Your instructions. All entries are to be transcribed verbatim, but images are not carried over.
*** Material supplied
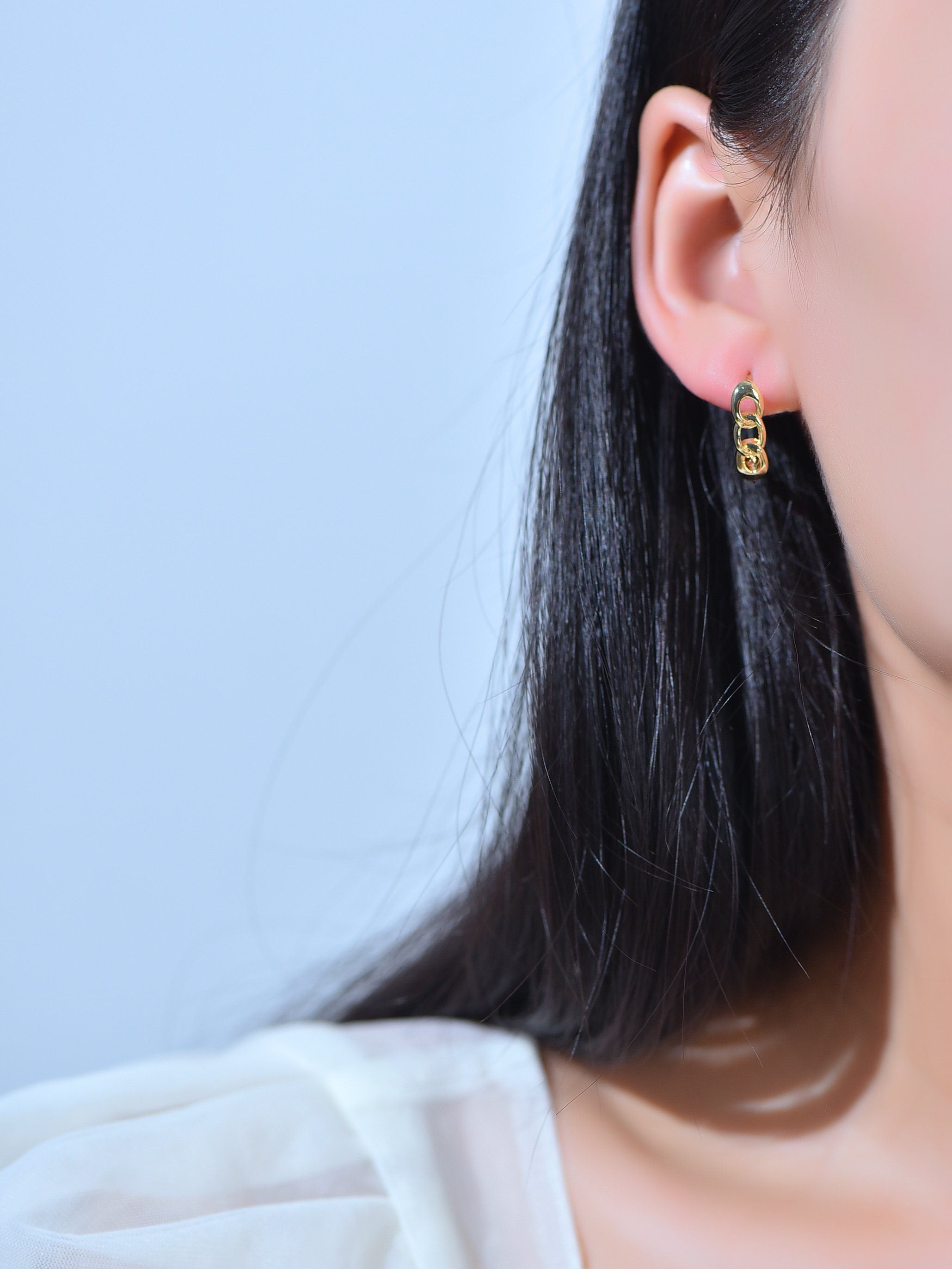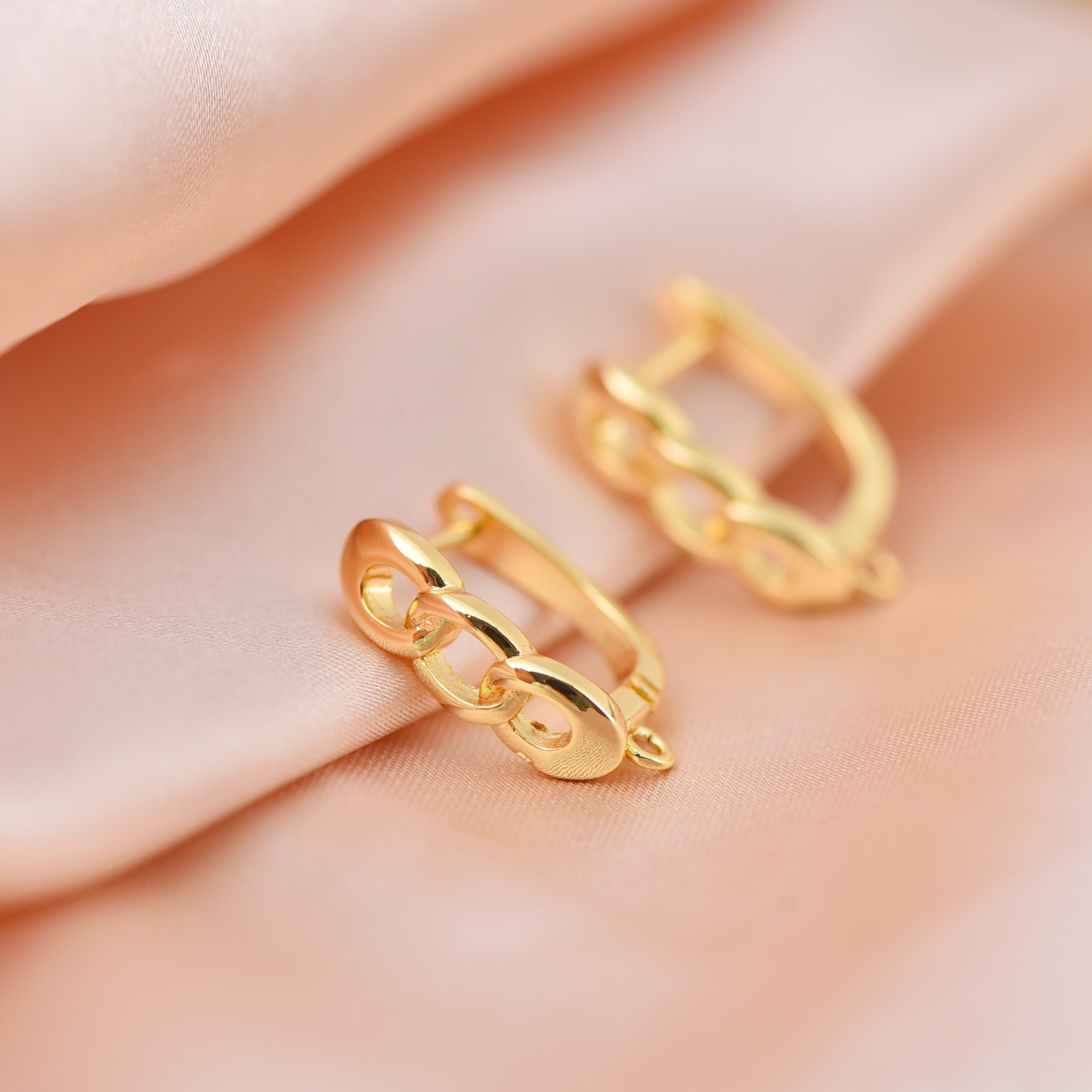 Gold Earring,Dainty Cuban Chain Design Hoop Earring With Lever Back Closure, EAC-113
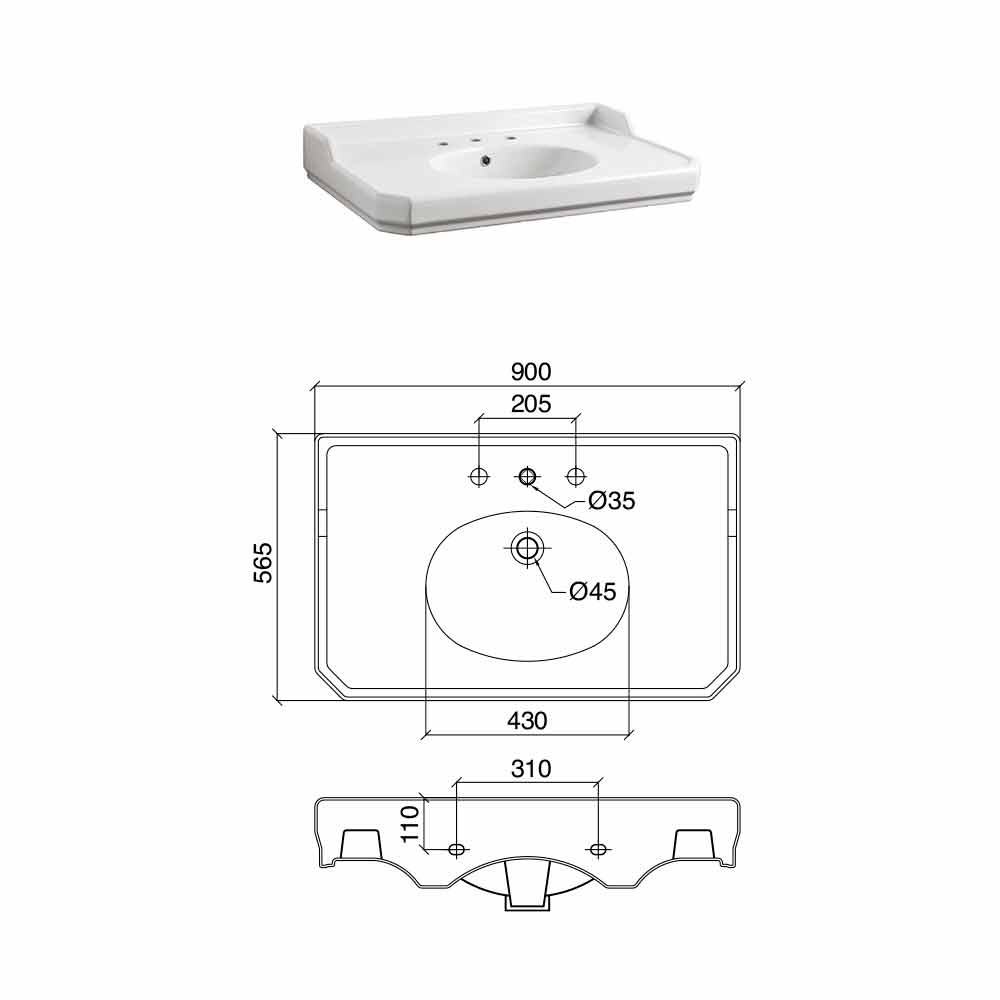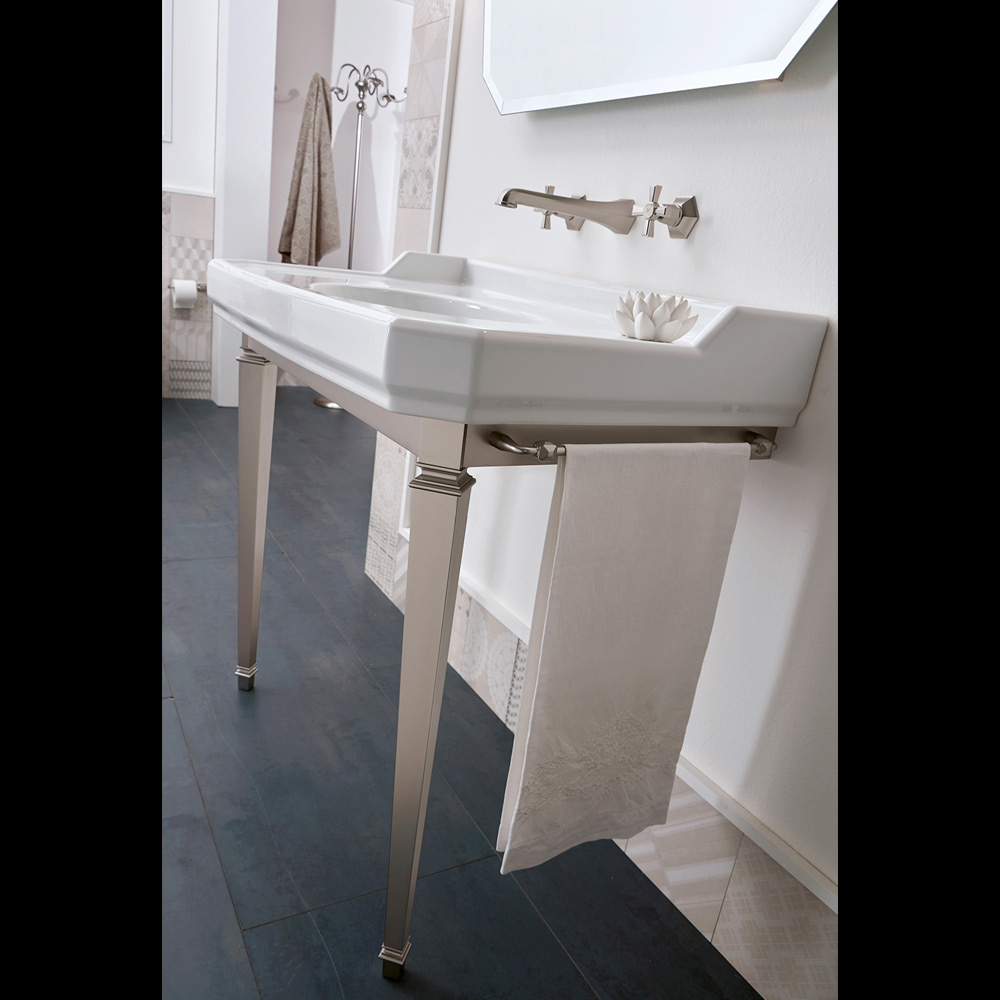 Nausica is an elegant console composed of a ceramic washbasin with a 900 mm long splashback, with 1 or 3 tap holes (specify the number of tap holes required when ordering). It is characterized by a charming classic and retro style , able to enrich the bathroom, giving it refinement. It combines functionality, an essential aspect for the bathroom area, and aesthetic value.
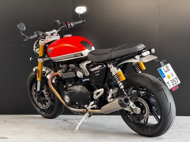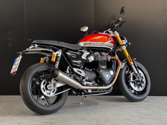 Mit hochwertiger Ausstattung wie Öhlins-Fahrwerk, Brembo-Monoblock-Bremsen, Kurven-ABS und Traktionskontrolle bietet die Speed Twin RS präzises Handling und höchste Fahrstabilität egal, ob auf kurvigen Landstraßen oder in der Stadt. Das leichte Fahrwerk und die ausgewogene Ergonomie sorgen für ein direktes, souveränes Fahrgefühl, das sportliche Ambition und Alltagstauglichkeit perfekt vereint.
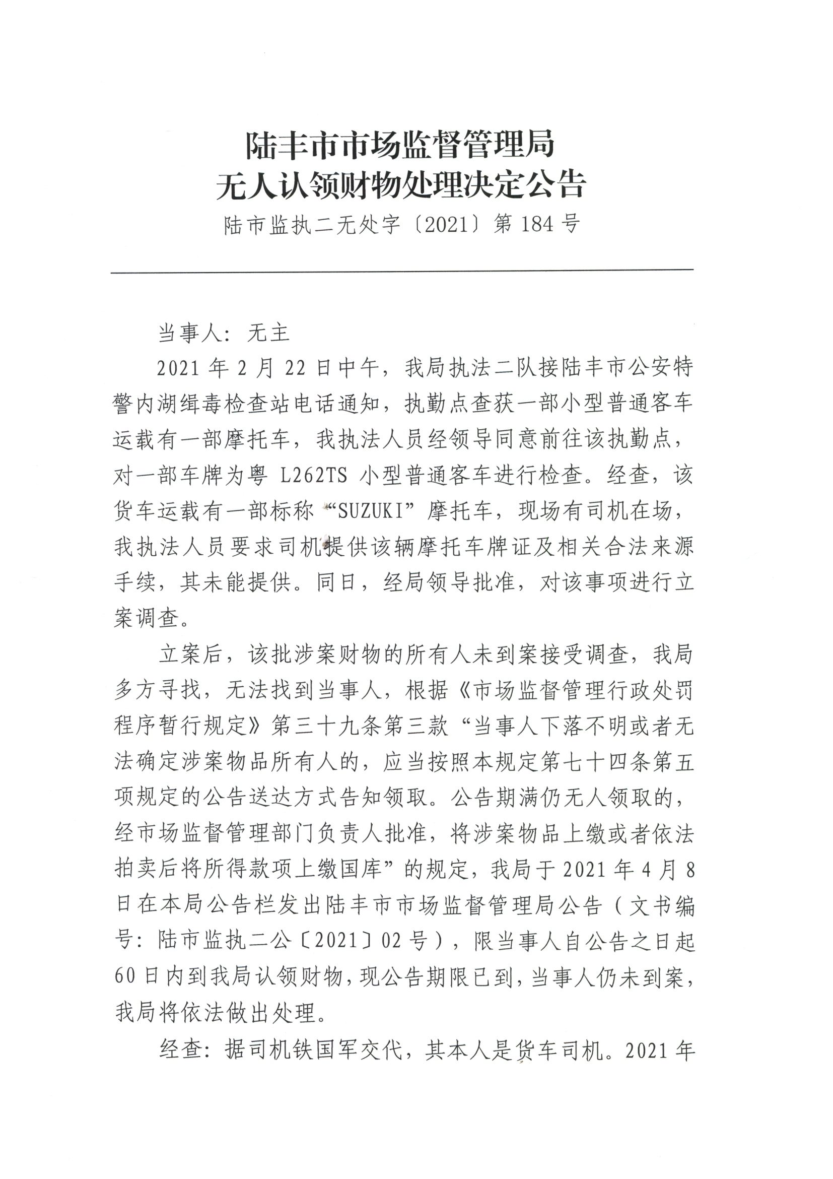 陸豐市市場(chǎng)監(jiān)督管理局無人認(rèn)領(lǐng)財(cái)物處理決定公告
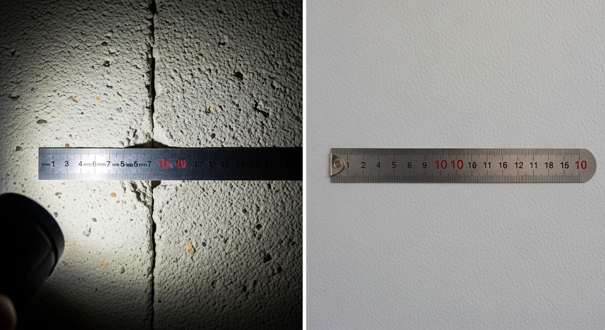 Как это выглядит: Визуально стена кажется ровной. Но если приложить двухметровую рейку — видны перепады, ямки, бугорки.
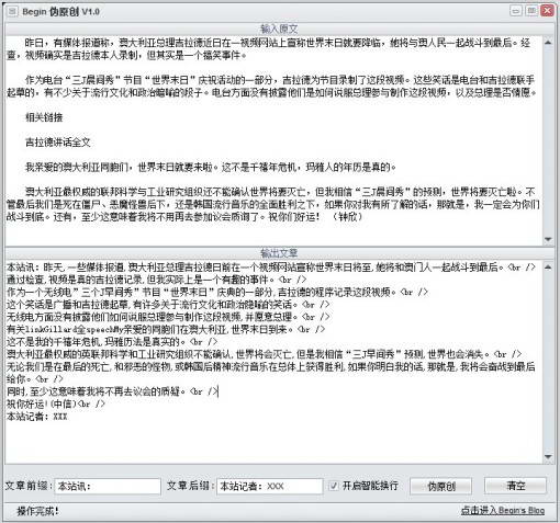 2楼 华军网友 2019-10-11 10:04:27Begin文章伪原创工具超级棒!点一亿个赞!!!
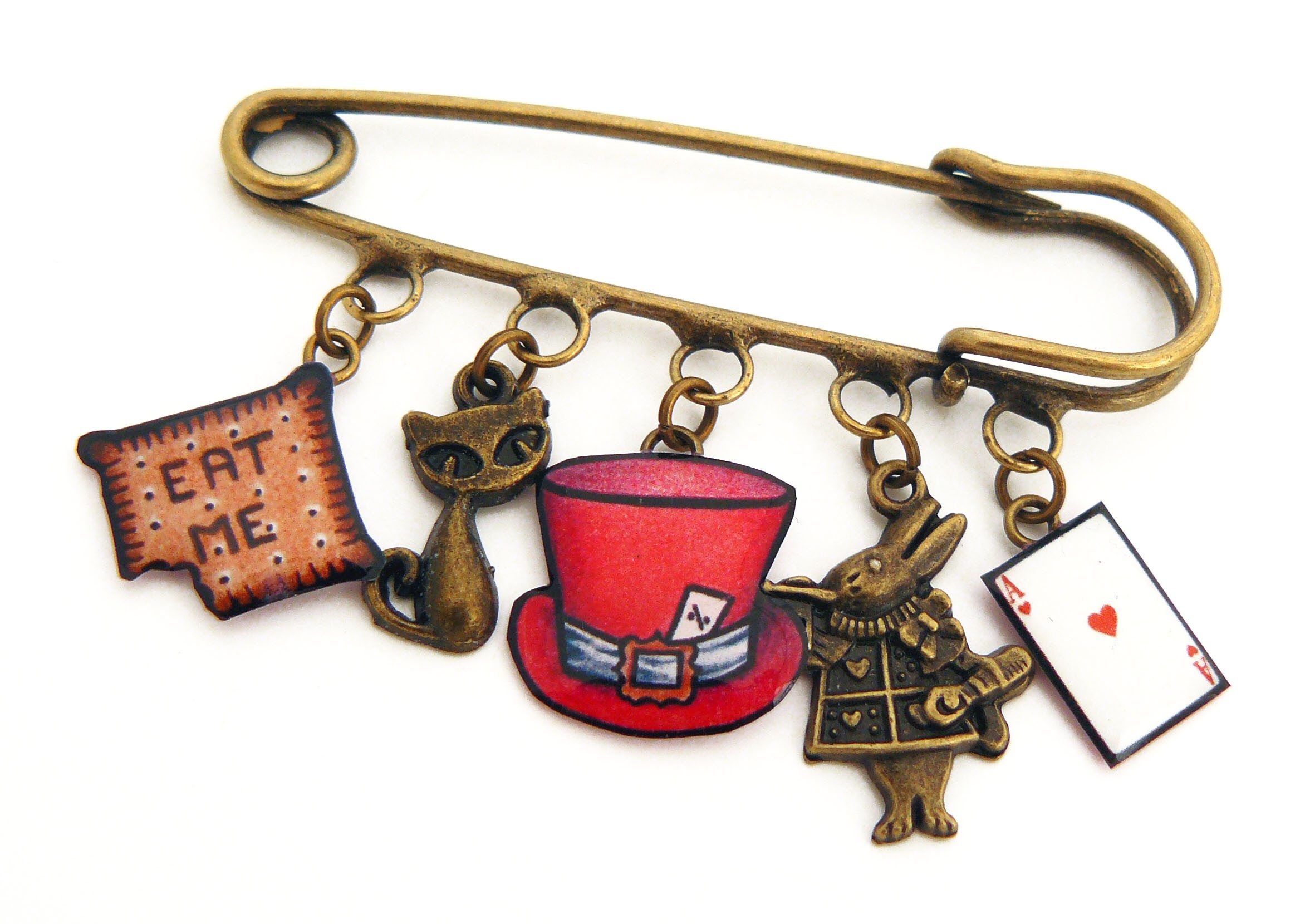 Broche Alice au Pays des Merveilles – Gâteau “Eat Me”, chapeau, as de cœur, chat et lapin en métal et résine✨
******
Exercise solution.
 Gold Earring,Dainty Cuban Chain Design Hoop Earring With Lever Back Closure, EAC-113
 Nausica is an elegant console composed of a ceramic washbasin with a 900 mm long splashback, with 1 or 3 tap holes (specify the number of tap holes required when ordering). It is characterized by a charming classic and retro style , able to enrich the bathroom, giving it refinement. It combines functionality, an essential aspect for the bathroom area, and aesthetic value.
 Mit hochwertiger Ausstattung wie Öhlins-Fahrwerk, Brembo-Monoblock-Bremsen, Kurven-ABS und Traktionskontrolle bietet die Speed Twin RS präzises Handling und höchste Fahrstabilität egal, ob auf kurvigen Landstraßen oder in der Stadt. Das leichte Fahrwerk und die ausgewogene Ergonomie sorgen für ein direktes, souveränes Fahrgefühl, das sportliche Ambition und Alltagstauglichkeit perfekt vereint.
 陸豐市市場(chǎng)監(jiān)督管理局無人認(rèn)領(lǐng)財(cái)物處理決定公告
 Как это выглядит: Визуально стена кажется ровной. Но если приложить двухметровую рейку — видны перепады, ямки, бугорки.
 2楼 华军网友 2019-10-11 10:04:27Begin文章伪原创工具超级棒!点一亿个赞!!!
 Broche Alice au Pays des Merveilles – Gâteau “Eat Me”, chapeau, as de cœur, chat et lapin en métal et résine✨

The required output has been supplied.